Recommendations for Managers
Etiquette and Setting Expectations#
Your team will probably have concerns about starting an on-call rotation. When we look at on-call behaviors in more traditional organizations, the expectations and implementations often leave the team members in a bad place—lots of alerts, low context, and alerts for services they can’t access or work on.
When establishing on-call for a new team, set the expectations and some ground rules for your team. You might consider things like:
- Rescheduling around planned events at least a week in advance. No one wants to miss a child’s birthday party for on-call.
- Letting the backup know if you will be temporarily unavailable during a shift for things like subway commutes.
- Setting guidelines for folks to delay their workday if the responders were up overnight responding to alerts.
- Thinking about a process for rolling folks off the primary if an on-call shift has been especially stressful. For example, if a large issue lasts for several days, or if there are a lot of overnight issues.
- Erring on the side of creating more shifts of a shorter duration if your services are very noisy.
Preserving the health and well being of your team should be high on your list.
The PagerDuty platform can help you monitor the number of alerts your responders are getting, including alerts during “sleeping” hours in the Operational Reviews feature.
Part of avoiding burnout on your team and making on-call duties feel equitable is ensuring that all team members are participating equally.

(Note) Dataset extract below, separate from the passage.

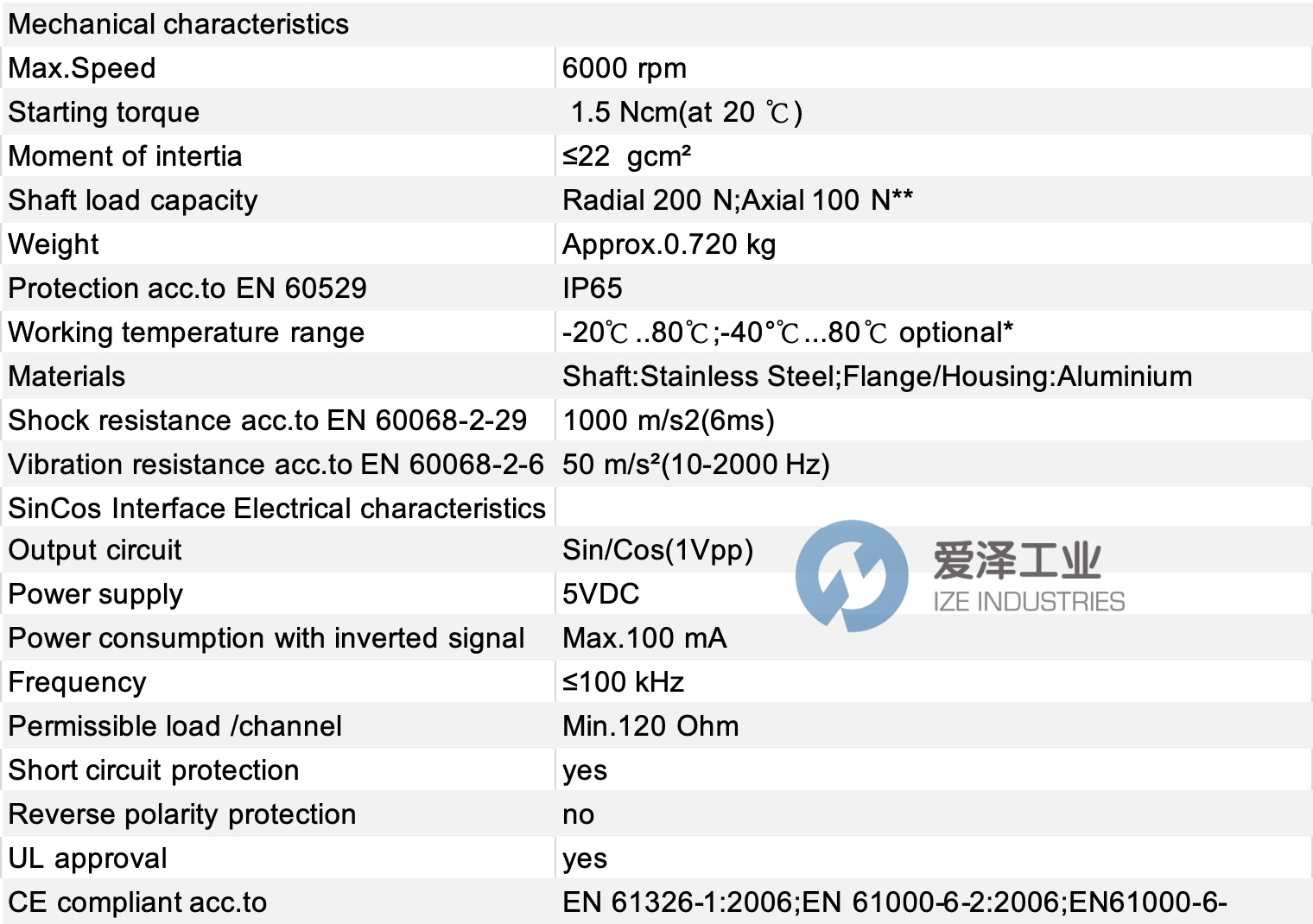 HEIN LANZ編碼器11-A0HN系列技術規格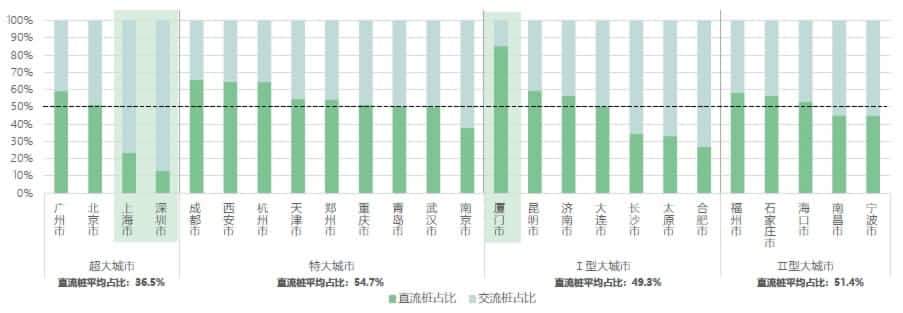 二、充电桩类型层面:“快充桩”需求旺盛,但城市占有量差异巨大

As a manager, you’ll want to keep an eye on how your team is managing things like shift swapping and schedule overrides. No one person should be taking a disproportionate amount of the on-call duties for any given team.
It is also important to manage coverage for major holidays, and ensure that the same team members aren’t working every holiday or the same holiday year after year.

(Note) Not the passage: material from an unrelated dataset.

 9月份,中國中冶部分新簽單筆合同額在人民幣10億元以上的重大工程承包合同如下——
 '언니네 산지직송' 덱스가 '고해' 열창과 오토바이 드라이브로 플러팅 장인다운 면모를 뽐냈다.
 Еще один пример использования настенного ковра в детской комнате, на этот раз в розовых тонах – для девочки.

Your on-call platform provider probably provides some reports and other insights into how many hours your team has been on call, how many incidents they have responded to, and how many times they have been paged during sleep hours to help you manage team health.
You also might want to talk to your team about expectations for their off time behavior when they are on call. Team members should be sober enough to work when they receive alerts. It probably feels like an awkward conversation to have, but it’s common enough it’s been a topic on Ask a Manager.
It is absolutely possible that a new on-call team might lose some members. Changing responsibilities for any job will cause some employees to reevaluate whether the position is still something they want to be doing. Attrition has an impact on morale, and will also impact the workload of an on-call team as rotations are adjusted to cover the vacancies left.
While you can’t prevent all attrition, setting your team up for success will help alleviate doubts. Following up on action items, prioritizing the fixing of repeated issues, and championing your team’s requests to other groups will also demonstrate that you support them.
Ensuring that all team members understand the goals of the on-call effort, the metrics that will be measured, and the positive outcomes that are expected will go a long way. You’re likely to have detractors on your team, and vocal detractors can really have a negative effect on other team members. Firing folks who are destructive or refuse to participate should be a last resort; you can also look for methods like delaying a full on-call roll out, or setting a competition for improving key metrics with another team to motivate folks. Listen to people’s concerns with empathy. Many of the suggestions in this guide will help you build a supportive team.
When application developers are part of an on-call rotation, there will be periods where they won’t be as productive in their normal planned workload. When working with your team on an on-call plan, include guidance around how to reduce planned work during on-call shifts.
This will likely be easier for teams that work in short sprints, or with well-defined and well-groomed task backlogs. Teams that don’t have those types of methods in place can also be flexible about expectations during on-call shifts. For example, the primary on-call might work on bug fixing. They might also dedicate their time explicitly to making sure all issues that caused alerts have fixes created.
Managing burnout on your team is a key to successfully handling on-call duties as well as normal feature work. Dealing with attrition due to burnout is one thing, but it can also be difficult to deal with a team member who is burning out but not yet willing to acknowledge the problem.
Monitoring Team Health#
Replacing folks is expensive. Keep tabs on your team and how they’re doing. New on-call duties can also cause strife with family members who weren’t expecting to share their homes with noisy alerts in the middle of the night, so managing a humane on-call schedule and prioritizing permanent fixes for alerting issues is important. Maintaining the team you have in a healthy way is less disruptive and will be less expensive than hiring to replace team members.
Knowing what to keep tabs on with your team can vary, but PagerDuty’s Agile Leadership Team has posted their system on our blog. This is a simple method that you can modify for your team’s needs.
Working on Systematic Improvement with Peers#
As we mentioned earlier, maintaining a humane on-call culture will go far to help with team health. Actively managing the issues and alerts, as well as setting appropriate priorities for incidents can reduce alert volumes for existing services over time. Maintaining appropriate, actionable alerts should become part of your development practice for all new services as well.
When services managed by your team depend on other services that aren’t providing necessary reliability, your team may need to do more defensive coding to protect their services and their sanity during on-call. Planning for things like dependencies becoming slow or unavailable, and adding functionality to deal with them, might take more time to implement initially, but will help your service metrics over time in addition to saving your team alerts.